UGT(H)
- Location: Spain;
- Key people: José Gómez Egidio, president

= Unión General de Trabajadores (sector histórico) =

Unión General de Trabajadores (sector histórico) ('General Workers' Union (historical sector)', abbreviated UGT(H)) was a trade union centre in Spain during the Transition years. UGT(H) emerged from a split in the Unión General de Trabajadores and was linked to the Spanish Socialist Workers' Party (historic) (PSOE(H)). The split in UGT was linked to the split in PSOE after its 1973 congress in Toulouse.

==Leadership==
José Gómez Egidio was the president of UGT(H). Felipe Redondo was the vice president of the organization. Lázaro Movilla served as treasurer and national spokesperson of UGT(H). Other veteran socialists in the UGT(H) leadership were Isaac Pérez (secretary), Felipe López, Francisco Biedma, José Alarcón and Benito Guaza. The national committee of UGT(H), with these men and three others representing trade unionists in exile, was named in January 1976 by the provincial federations of UGT(H).

==Political profile==
UGT(H) claimed to be the genuine inheritor of the tradition of the original UGT. The other UGT group rejected these claims, stating that the name of UGT(H) was creating confusion amongst workers. At a public meeting of UGT(H) in Madrid in 1977 a group of UGT cadres disrupted the event, shouting slogans in support of the UGT leadership.

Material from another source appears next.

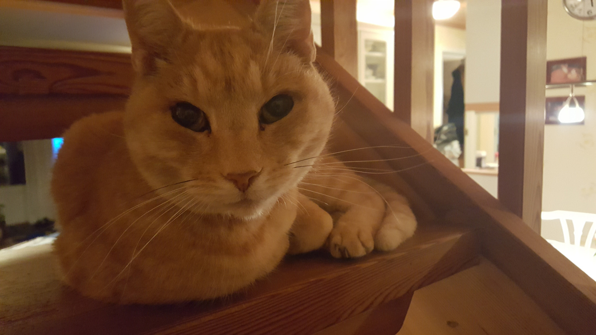 Sigge är helt återställd sedan en tid efter benskadan och ställde upp på ett experiment. Får katter röda ögon eller hur blir det när de fotograferas med blixt? Svaret är att de stänger ögonen så snabbt att kameran inte hinner ta bilden medans de är öppna. Men om man luras lite och tar två blixtar på rad så kan man se att ögonen blir gröna :)

UGT(H) sought return of UGT properties expropriated after the Spanish Civil War. UGT(H) had close links to the Confederación Nacional del Trabajo, with which it shared a common view on the latter developments inside the Republican camp in the Civil War. UGT(H) was vehemently anti-communist and opposed the unity process of the labour movement advocated by Comisiones Obreras.

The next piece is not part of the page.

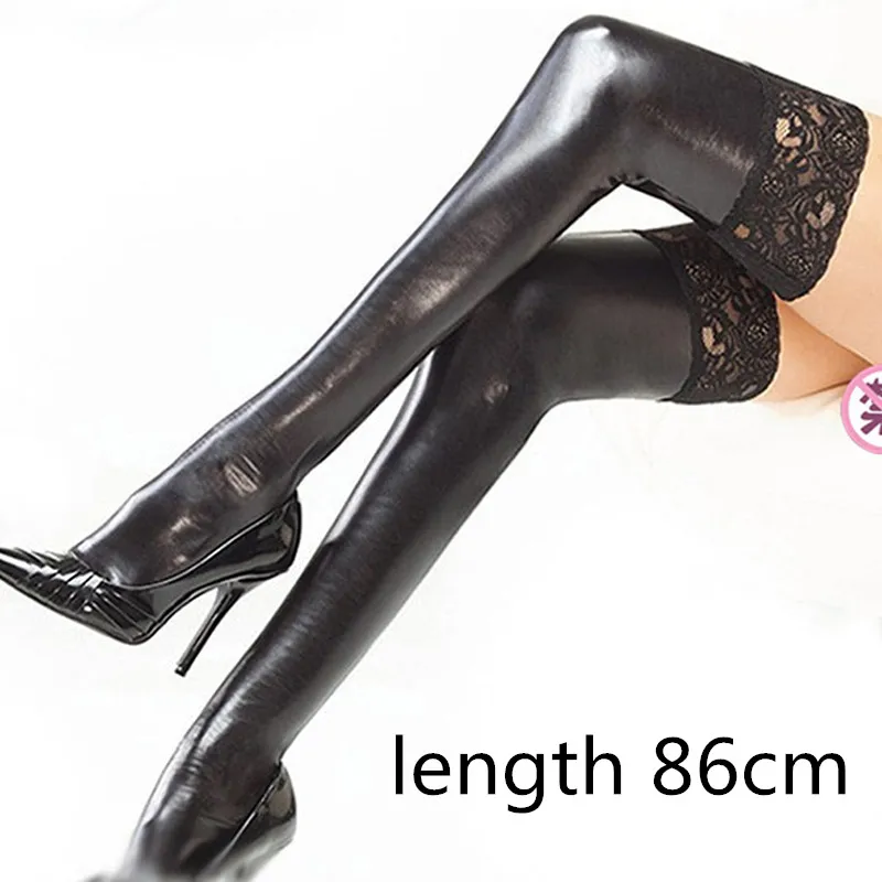 Новые стильные женские латексные чулки большого размера, сексуальные Чулочные изделия для ночного клуба, женские чулки до бедра из искусственной кожи для полюсного танца

PSOE(H) members were obliged to be members of UGT(H), a policy inherited from Pablo Iglesias from the early years of PSOE. Apart from PSOE(H), UGT(H) was also joined by members of the Spanish Democratic Socialist Party (PSDE) and Spanish Social Reform (RSE) (two anti-Marxist groups). These parties were also allies of PSOE(H) in the Socialist and Democratic Alliance.